Here’s the problem with the above statements: nobody palpated my cervical lymph nodes on that visit. Nobody touched my neck to know whether or not my thyroid was palpable or not. Also, nobody listened to my lungs, or my heart. The nurse practitioner that was doing this ‘consultation’ to which I had agreed before the doctor came in didn’t even touch my abdomen, so she couldn’t have possibly known it was nontender, nor that my bladder was nonpalpable.
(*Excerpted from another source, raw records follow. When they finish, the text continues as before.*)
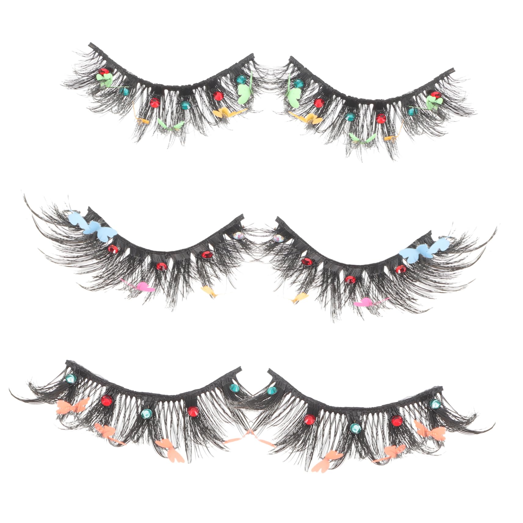 Package Include 3 pairs x fake eyelashes Features -Size:4.50X1.50X0.40cm/1.77X0.59X0 natural false eyelashes. -Color:Assorted Color false eyelashes -Material:Synthetic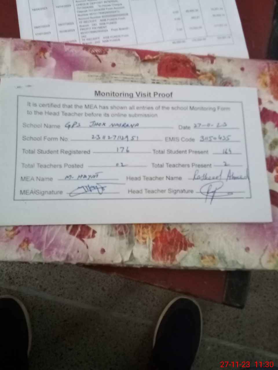 | Attendance Register | Head Teacher | MEA with School | Visit Proof |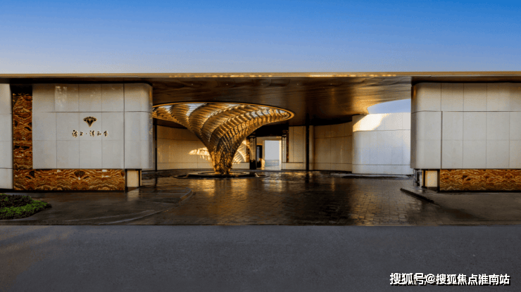 在门庭外,辅以两侧具有仪式感的跳泉水景,将建筑的圆弧美感与自然水景相合,共同构成海上·清和玺“贵雅清和”的城市界面。
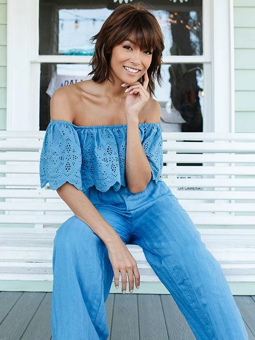 The Heat Friendly New Wave Wig by TressAllure is a mid-length layered bob with feathered bangs, a smooth silky top and textured layers that fall below the collar. This slightly longer bob blends multi-textures with contoured layering for a lightweight feel and plenty of volume. The flowing sides frame the face perfectly.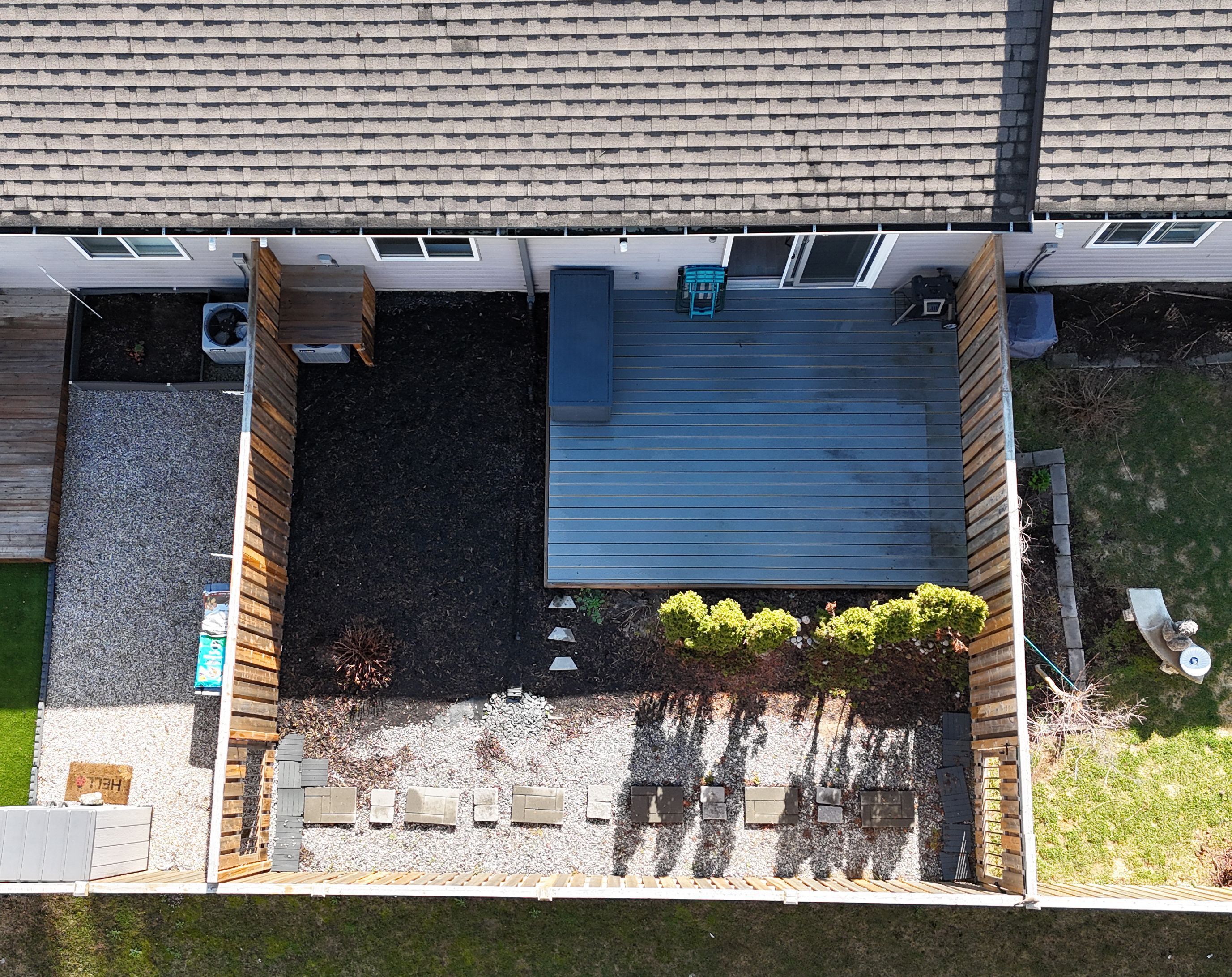 • Fully fenced yard with composite deck and no lawn maintenance required.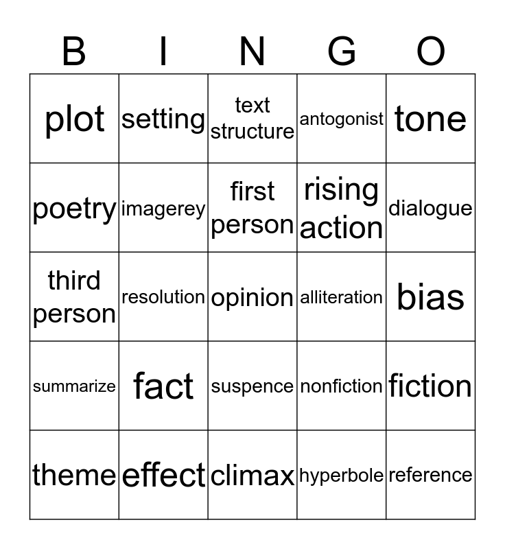 This bingo card has a free space and 24 words: fact, effect, first person, theme, tone, plot, poetry, setting, alliteration, suspence, rising action, third person, nonfiction, fiction, imagerey, hyperbole, bias, text structure, dialogue, resolution, reference, summarize, antogonist and climax.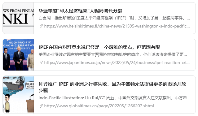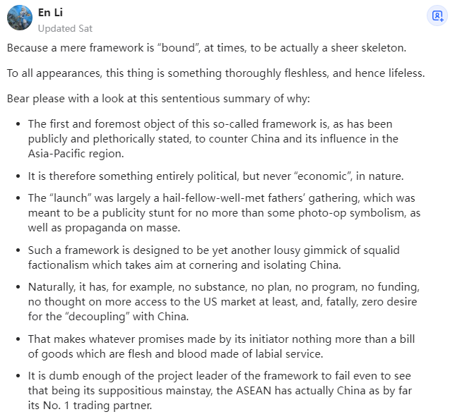 因为一个纯粹的框架有时会被“束缚”(bound)成一个纯粹的骨架。从表面上看,这个东西完全没有肉体,因此也就没有生命。Ø 这个所谓框架的首要目标,正如已经公开和官方声明的那样,是为了对抗中|国及其在亚太地区的影响力。Ø 因此,这在本质上是一种完全政治性的东西,与“经济性”没有任何关系。Ø 这次“发布会”基本上是一个大家都很熟悉的聚会,目的只是为了象征性地拍一些照片,以对大众进行宣传。Ø 这样一个框架被设计成了另一个肮脏的拉帮结派的拙劣伎俩,其目的是围堵和孤立中|国。Ø 所以很自然,它没有实质性的内容、没有计划、没有项目、没有资金,至少没有更多进入美国市场的想法,而且,致命的是它没有与中国“脱钩”的愿望。Ø 这使得它的发起人所作的任何承诺都不过是空口白话。Ø 该框架的项目负责人太愚蠢了,它甚至没有意识到作为其假定的支柱的东盟实际上已经把中国当做了其第一大贸易伙伴。我冒昧猜测一下,至少在2023年圣诞节之前,你不会听到任何关于这具温暖“尸体”的后续行动。这无疑是东盟的耻辱。然而,根据以下PBS(类似中国国家广播电台)的附件,这400亿美元可能只是给乌克兰的安家费(separation fee)。他们向乌克兰传达的信息是,如果他们不能支撑到9月,那么这笔钱将作为贷款提供。除此之外,乌克兰只能靠自己。有鉴于此,在他此次访问韩国和日本之后,他将再次关注国会选举和中国。通货膨胀和低民意支持率是他最头疼的问题,如果民主党想在这次选举中活下来,就必须解决这些问题。它只是一个框架,只是一个概念性的东西。虽然其意图十分明确,但一切都只是概念性的。RCEP和TPP有大量的文件来确保每个参与者的利益都得到关注,而《印太经济框架》(IPEF)在启动的时候只有一张纸,这并不能让每个人都安心,这似乎只是美国从其他国家那里得到一些东西的一种手段。从中我看到的是,忘了RCEP、东盟+1和TPP吧,《印太经济框架》(IPEF)没有像这三者那样的关税开放,一切都取决于各国与美国的单独谈判。这与过去并没有什么不同,只是现在美国将使用一些手段,比如让这些国家交出他们的技术诀窍,与中国断绝关系,以便与美国合作。这与其说是开放,还不如说是保护主义。我最初的想法是,只有新加坡会是东盟唯一加入其中的国家。我能想到的唯一原因是,东盟国家正在保持团结,因为他们非常清楚,如果他们不保持团结而是选择单独加入,他们将被忽视。东盟的经济总量超过了印度,同时其人口不到印度的一半。所以,他们的生产力比印度高很多。这种东盟的生存策略让我想起了汤姆·汉克斯(TomHanks)配音的动画电影《玩具总动员》(Toy Story)中的玩具们手牵着手穿过街道,以避免被高速车辆撞倒。东盟对《印太经济框架》感到非常缺乏信心,就像在这段视频中表现出的一样。啊,是的,拿1.5亿美元来打发我们,这太可笑了,因为现在这点钱在东盟内甚至连投资一个项目都不够。即使是菲律宾也可能会认为,尽管存在争议,但中国仍然愿意给他们一个项目。与此同时,它们与乌克兰的最新协议价值440亿美元。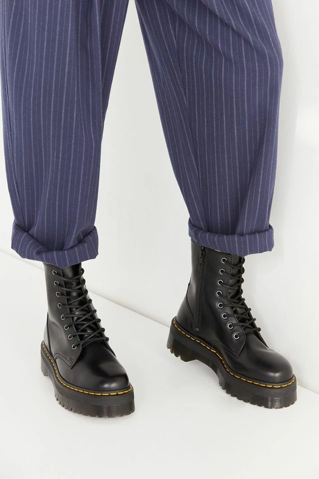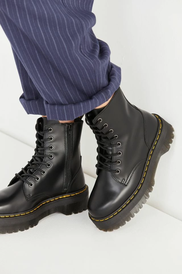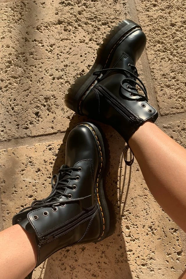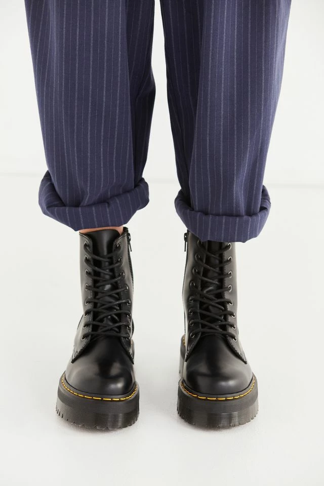 An icon reimagined with fiercely punk-inspired details in this platform iteration of Dr. Martens’ classic 8-eye combat boot. Smooth leather boot cut above ankle with an 8-eye lace-up closure and back pull tab. With their air-cushioned sole with top-stitch detailing complete with cotton laces, metal eyelets and a slightly raised heel. Finished with their signature slip-resistant rubber sole in a towering platform with iconic yellow stitching.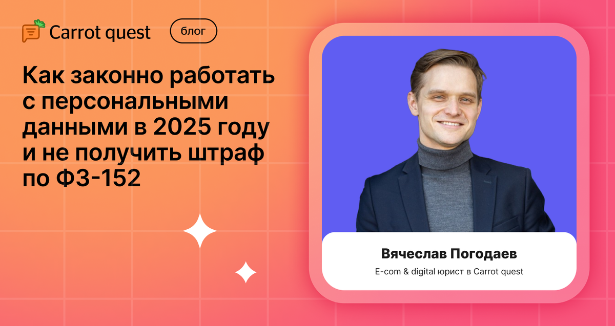 Недавно мы провели вебинар о том, как в 2025 году бизнесу работать с персональными данными без риска штрафов. Спикеры — Ольга Захарова, эксперт по цифровому праву DRC, и Вячеслав Погодаев, e-com & digital юрист.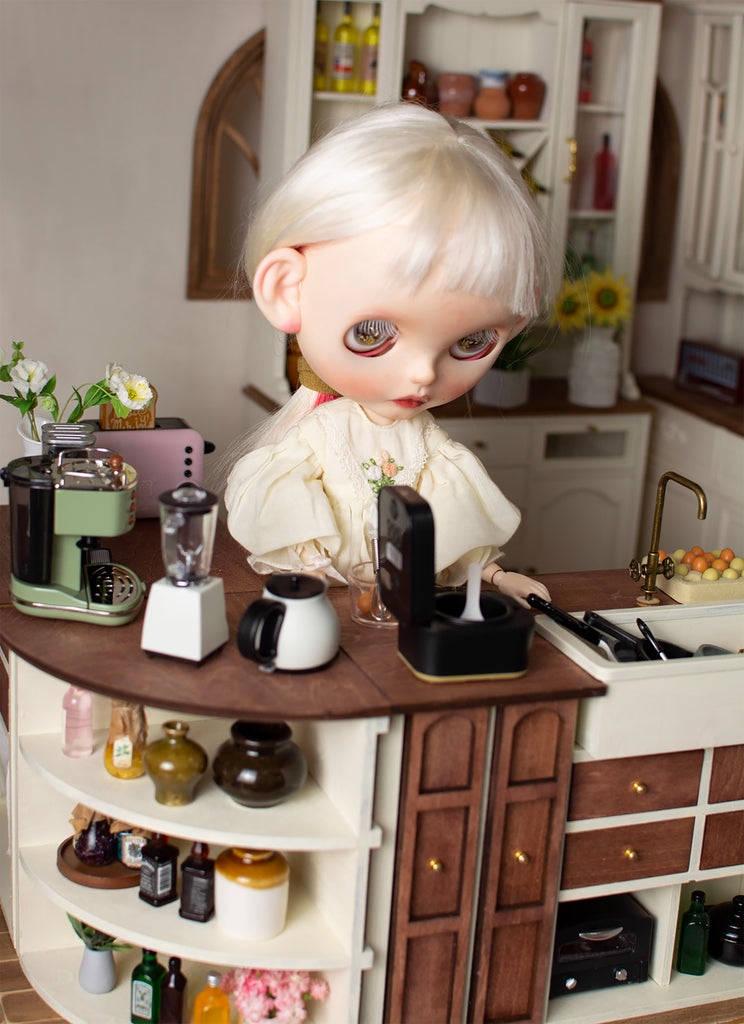 **Please notice this listing is for the miniature kitchen island DIY kit package only, pictures are for reference only. The dolls, dishes, plants, clothes and background decors are not included.**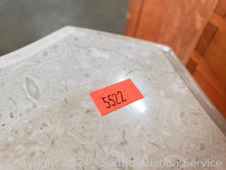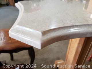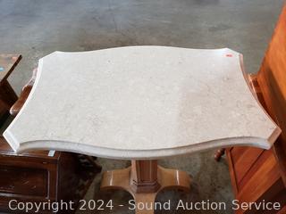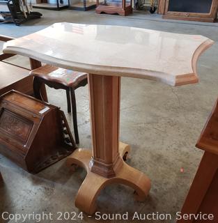 Lot #0011: Limestone? Top Blonde Wood Base Accent Table

I didn’t like this report when I read it because it’s unethical and illegal to falsify medical records. For them to say they did something they didn’t do is blatantly illegal. Upon checking out, I was charged a $10 copay. “Why?” I asked, knowing this was just a consultation. “Becuase you have a $10 copay on office visits, sir!” the clerk rudely retorted. “That was an office visit?” I asked. “Yep!” she said, popping her gum in my face.
As if that wasn’t bad enough, I got my explanation of benefits from Blue Cross for that visit, and they had charged me for a new patient exam! So, apparently, I owe them even more money than my initial copay, since that was a new patient exam.
So why the unethical behavior in health care? Is it so providers can get paid? Is it the insurance companies’ fault? Or how about the patients’? Does fault lie on Big Pharma? What about the providers?
I’m not sure. I’m also not sure what I’m going to do? Am I, as a health care provider, morally obligated to report something like this, or am I expected, ‘as one of us’ (which I am not) to turn a deaf ear? I don’t know.
What would happen if Lazar Spinal Care went to a cash basis and severed all ties with insurance? I know practice members would get better care, because I could focus on them instead of juggling patient care with trying to get paid. Maybe I could adjust my prices so people could afford the care, even though I’m a specialist. Would that make it work? I will say, this is the direction we’re headed. I don’t know when. But I’m sure we’ll end up there.